Abstract-In this paper, we propose a statistical gate sizing approach to maximize the timing yield of a given circuit, under area constraints. Our approach involves statistical gate delay modeling, statistical static timing analysis, and gate sizing. Experiments performed in an industrial framework on combinational International Symposium on Circuits and Systems (ISCAS'85) and Microelectronics Center of North Carolina (MCNC) benchmarks show absolute timing yield gains of 30% on the average, over deterministic timing optimization for at most 10% area penalty. It is further shown that circuits optimized using our metric have larger timing yields than the same optimized using a worst case metric, for iso-area solutions. Finally, we present an insight into statistical properties of gate delays for a commercial 0.13-m technology library which intuitively provides one reason why statistical timing driven optimization does better than deterministic timing driven optimization.
I. INTRODUCTION
A N increasing significance of variability in modern deep submicrometer integrated circuits necessitates statistical approaches to timing analysis and optimization. Researchers have proposed multiple approaches to statistical static timing analysis [2] - [6] in the past few years. A majority of these approaches consider circuit component delays as Gaussian random variables since it facilitates fast analytical evaluation. Timing analysis involves add and max operations. A max operation on Gaussian random variables is nontrivial. Chang et al. [3] and Visweswariah et al. [5] propose to approximate the maximum of multiple Gaussians with a Gaussian using Clark's approach [7] to obtaining the max of two Gaussians. Pairwise max operations are, thus, employed in the computation of the maximum of multiple Gaussians, each of which involve approximations. However, none of the above approaches describe the impact of the ordering of pairwise max operations on the resulting inaccuracy in the final solution.

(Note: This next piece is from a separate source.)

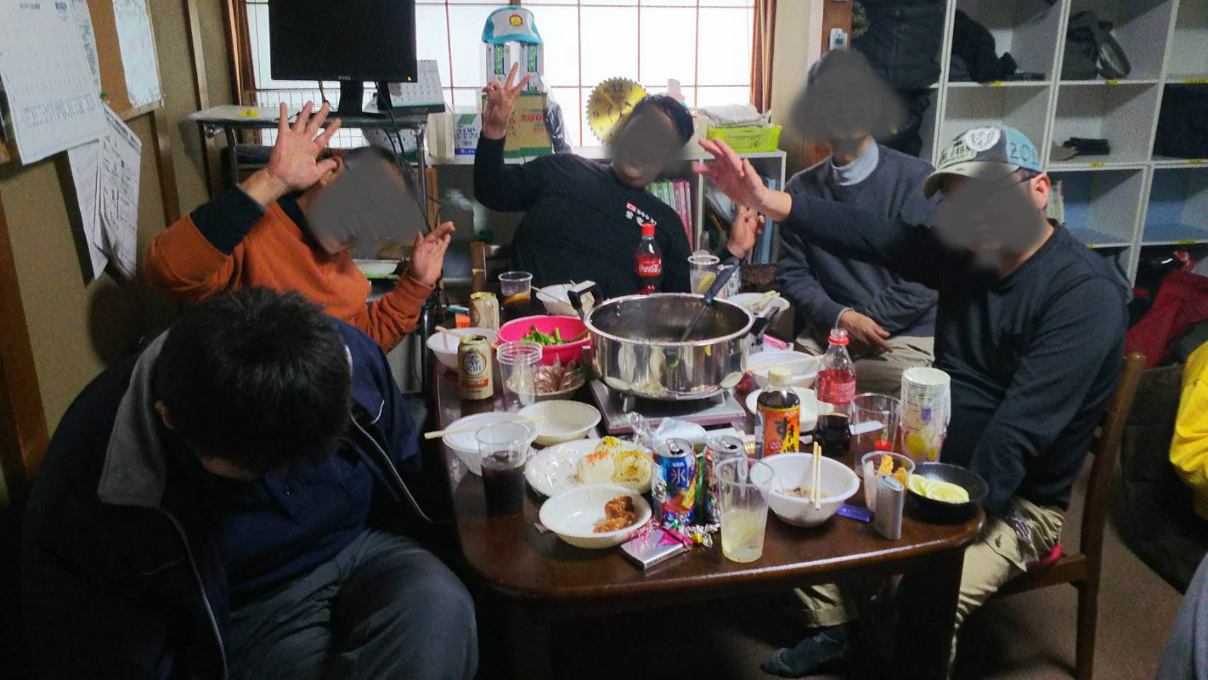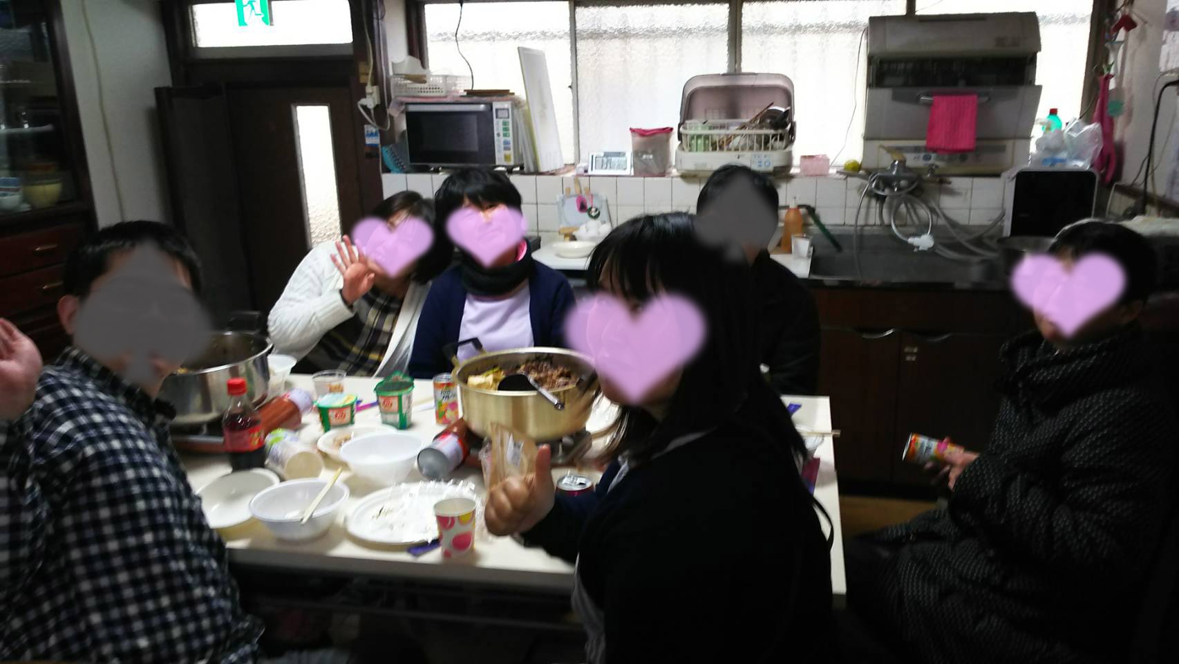 皆ですき焼きを囲み、

Multiple approaches to statistical timing optimization have emerged recently. Agarwal et al. propose a sensitivity-based gate sizing algorithm, and faster approaches that perform sensitivity calculation based on slack computation [8] , to minimize the 99-percentile point of a circuit's delay distribution. Intra-die variability is considered, and gate delay variations are assumed to be 10% of their nominals. A robust gate sizing methodology based on geometric programming is proposed by Singh et al. [9] . They incorporate an uncertainty ellipsoid to model variations and attain to optimize circuit area under worst case timing constraints. Guthaus et al. [10] propose a gate sizing algorithm to optimize circuit area while satisfying a given timing yield target. They employ a sensitivity metric to select gates for resizing. Our experiments conclude that node and edge criticalities evaluated in their approach can only be estimated in closed form to be within 20% of those obtained from Monte Carlo simulations. This is due to the assumption of independence between the criticalities of any two paths while evaluating a node or an edge criticality. As a result, they may be inadequate for guiding timing optimization.

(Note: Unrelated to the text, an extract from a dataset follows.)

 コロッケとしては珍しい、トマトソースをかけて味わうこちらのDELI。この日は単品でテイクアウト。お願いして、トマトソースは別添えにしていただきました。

In this paper, we present an approach to area constrained statistical timing yield optimization that involves statistical modeling, statistical timing analysis, and gate sizing. We do not focus on improving a given percentile point of a circuit's delay distribution, but attain to maximize the probability that given timing constraints are met, under variations. Statistical gate delay modeling is performed for a commercial 0.13-m technology library from a foundry. We employ Visweswariah's approach [5] for statistical static timing analysis, and present a formal proof that validates their variance matching methodology used in the computation of the maximum of two Gaussians. We also consider a smart ordering for pairwise max operations on Gaussians during the computation of the maximum of multiple Gaussians. It is observed that the ordering achieves accuracy improvements in the final solution. Gate sizing is performed using a statistical global sizing algorithm. We prove that maximizing the timing yield of a circuit is equivalent to maximizing a simple expression involving the mean and the standard deviation of the circuit's slack distribution. Experiments performed in an industrial framework show absolute timing yield gains of 30% on the average in comparison to a commercial synthesis tool for an area overhead of at most 10%. We observe that for iso-area solutions, our metric obtains larger timing yields than optimization for the worst case slack. Finally, we present insight into statistical properties of gate delays from a commercial technology library which intuitively provides one reason why statistical timing driven optimization does better than deterministic timing driven optimization.
The rest of this chapter is organized as follows. Sections II and III present our approaches to statistical modeling and statistical static timing analysis, respectively. In Section IV, we propose our statistical gate-sizing algorithm for timing yield optimization, and present experimental results in Section V. We provide insight into statistical properties of gate delays in Section VI, and draw conclusions in Section VII. 
II. STATISTICAL MODELING
Statistical delay modeling involves expressing circuit component delays as functions of the parameters of variation, which we model as Gaussian random variables. Based on the work in [3] and [5] , we assume that gate delays are approximated by a linear function of the parameters. We also assume that these parameters are independent, since a dependent set of Gaussian parameters can be transformed into an equivalent set of independent Gaussian parameters using principal component analysis [3] . Circuit component delays are, therefore, expressed as (1) In the previous expression, denotes the mean or nominal value of the delay, 's represent the variations of global parameters 's from their nominal values, and 's and denote the delay sensitivities to their corresponding sources of variation. represents the variation from the nominal of an independent random variable that is associated with each component, and denotes the delay sensitivity to . To compute the delay sensitivities for any gate in the circuit, we obtain precharacterized gate delay values as functions of their loading capacitance and input slews (based on deterministic timing analysis at nominal corner) at multiple corners in the parameter space. The parameters are normalized by subtracting their nominal values followed by a division by their standard deviations. A least-squares fit is finally employed to obtain the desired delay sensitivities that express the gate delay as a linear function of normal random variables, as expressed in (1). This procedure is repeated for each gate in the circuit. Fig. 1 shows precharacterized delay values for some inverter in a circuit at multiple corners in a 2-D parameter space. A least square fit of the obtained points results in a plane, the slope of which in the two coordinate directions give the sensitivities of the inverter delay to the parameters, respectively. The inverter delay is, thus, obtained as a weighted linear sum of Gaussian random variables.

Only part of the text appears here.